I don’t think anyone is going to call out Donald Trump because I took him to lunch in the paper’s private dining room back in the mid 1980s, when he owned a football team. And the fact that Don King, who was Mike Tyson’s promoter, invited me to his Las Vegas digs for a private conversation with the champ over pizza—well, you think that affected my ability to write about Tyson’s legal problems?

Teams weren’t afraid of sportswriters, at least the New York teams I came to write about. I was on a Yankees’ charter flight—who can remember when? It was at night—and I was sitting behind the boozy manager, Billy Martin. One of his pitchers was angry after getting roughed up in the game and started a fight with a teammate behind us. The combative Martin got to his feet, as best he could, put his drink on the tray, and said to me, with some irony, “I’ve got to go break up a fight.” Well, I didn’t write about it (if I had, I’m sure the paper wouldn’t have been invited on any more charters).

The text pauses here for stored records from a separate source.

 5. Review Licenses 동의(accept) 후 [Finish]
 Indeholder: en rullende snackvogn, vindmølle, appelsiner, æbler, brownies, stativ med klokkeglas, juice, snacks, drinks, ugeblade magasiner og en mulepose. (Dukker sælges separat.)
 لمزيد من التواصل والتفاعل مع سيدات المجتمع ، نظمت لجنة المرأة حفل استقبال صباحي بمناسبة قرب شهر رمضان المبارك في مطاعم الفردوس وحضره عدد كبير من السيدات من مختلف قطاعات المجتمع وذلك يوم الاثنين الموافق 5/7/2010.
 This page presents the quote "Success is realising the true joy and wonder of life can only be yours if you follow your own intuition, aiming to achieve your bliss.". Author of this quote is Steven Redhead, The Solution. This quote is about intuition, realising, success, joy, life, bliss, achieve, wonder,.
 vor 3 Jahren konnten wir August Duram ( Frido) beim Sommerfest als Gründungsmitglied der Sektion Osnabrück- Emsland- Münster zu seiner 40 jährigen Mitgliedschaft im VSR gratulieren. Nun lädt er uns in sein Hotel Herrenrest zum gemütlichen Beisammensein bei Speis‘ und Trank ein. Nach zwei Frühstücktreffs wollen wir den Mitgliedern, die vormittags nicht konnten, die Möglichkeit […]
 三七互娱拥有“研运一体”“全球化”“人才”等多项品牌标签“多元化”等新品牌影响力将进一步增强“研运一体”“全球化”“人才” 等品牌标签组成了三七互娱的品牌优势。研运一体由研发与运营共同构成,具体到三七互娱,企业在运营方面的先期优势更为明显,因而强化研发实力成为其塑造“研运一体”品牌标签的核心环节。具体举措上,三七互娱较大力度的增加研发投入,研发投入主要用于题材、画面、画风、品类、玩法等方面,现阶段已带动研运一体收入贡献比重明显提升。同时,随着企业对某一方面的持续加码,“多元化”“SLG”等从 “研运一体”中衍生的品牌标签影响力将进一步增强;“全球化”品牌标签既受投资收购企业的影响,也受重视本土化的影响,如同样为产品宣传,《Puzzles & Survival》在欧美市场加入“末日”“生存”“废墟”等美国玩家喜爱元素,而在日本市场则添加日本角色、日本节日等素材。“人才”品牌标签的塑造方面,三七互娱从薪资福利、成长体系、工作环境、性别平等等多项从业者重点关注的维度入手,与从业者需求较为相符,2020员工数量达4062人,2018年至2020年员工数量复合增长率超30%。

But I was on a Rangers’ chartered bus, going from Long Island to Montreal (there was an Air Canada strike), and Coach Emile Francis was stunned to find the driver’s wife was along for the ride. Francis told the driver she had to go. Francis had a thing about women being near his players. The bus driver escorted her off—and never returned. And there we were, somewhere on Queens Boulevard, without a driver. Francis got the company to send another one, though, and it made a pretty good story.

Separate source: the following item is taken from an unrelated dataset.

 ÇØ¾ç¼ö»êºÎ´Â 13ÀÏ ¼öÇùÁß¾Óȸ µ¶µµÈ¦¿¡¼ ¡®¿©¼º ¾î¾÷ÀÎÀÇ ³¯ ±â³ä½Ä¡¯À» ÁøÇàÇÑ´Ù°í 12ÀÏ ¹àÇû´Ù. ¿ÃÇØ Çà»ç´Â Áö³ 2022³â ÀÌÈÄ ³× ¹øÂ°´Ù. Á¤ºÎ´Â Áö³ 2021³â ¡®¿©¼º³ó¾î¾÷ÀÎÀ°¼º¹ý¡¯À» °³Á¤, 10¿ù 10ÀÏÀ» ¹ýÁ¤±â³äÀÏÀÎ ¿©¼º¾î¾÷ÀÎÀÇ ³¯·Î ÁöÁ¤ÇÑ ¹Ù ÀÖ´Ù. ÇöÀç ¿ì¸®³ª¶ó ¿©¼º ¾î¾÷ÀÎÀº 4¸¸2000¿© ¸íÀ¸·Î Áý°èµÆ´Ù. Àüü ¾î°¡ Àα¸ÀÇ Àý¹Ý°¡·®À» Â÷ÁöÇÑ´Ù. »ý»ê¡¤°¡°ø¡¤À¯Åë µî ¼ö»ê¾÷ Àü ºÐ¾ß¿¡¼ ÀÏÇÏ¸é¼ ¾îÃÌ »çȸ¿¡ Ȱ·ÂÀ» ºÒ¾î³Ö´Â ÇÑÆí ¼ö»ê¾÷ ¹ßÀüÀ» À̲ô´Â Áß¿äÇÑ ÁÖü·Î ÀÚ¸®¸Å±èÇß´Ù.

Then again, one I didn’t write was about a Jets’ football practice. They used to allow the writers to stand on the sidelines. Not only did we watch the practice from up close, but we also used to toss around a football. One day, the team’s owner, Leon Hess (he of the eponymous gas stations), was at practice. He saw me, and came over.

“Please don’t write I was here,” he said. “I’m supposed to be at the office.”

I kept his secret. Did I violate some ethical journalistic standard?

I thought about what it’s like today when I recently went to a Jets’ practice somewhere in New Jersey. Nice guys. Nice PR setup. But limited. The quarterback speaks to the press only on certain days. No standing around the sidelines. And no 5-o’clock club.

In baseball and hockey, the writers also moan about access and limitations. It’s hard to get to know a player when you have, say, 15 minutes and everyone else wants him, too. I suspect teams—if not the players themselves—are more circumspect these days for two reasons: money and media.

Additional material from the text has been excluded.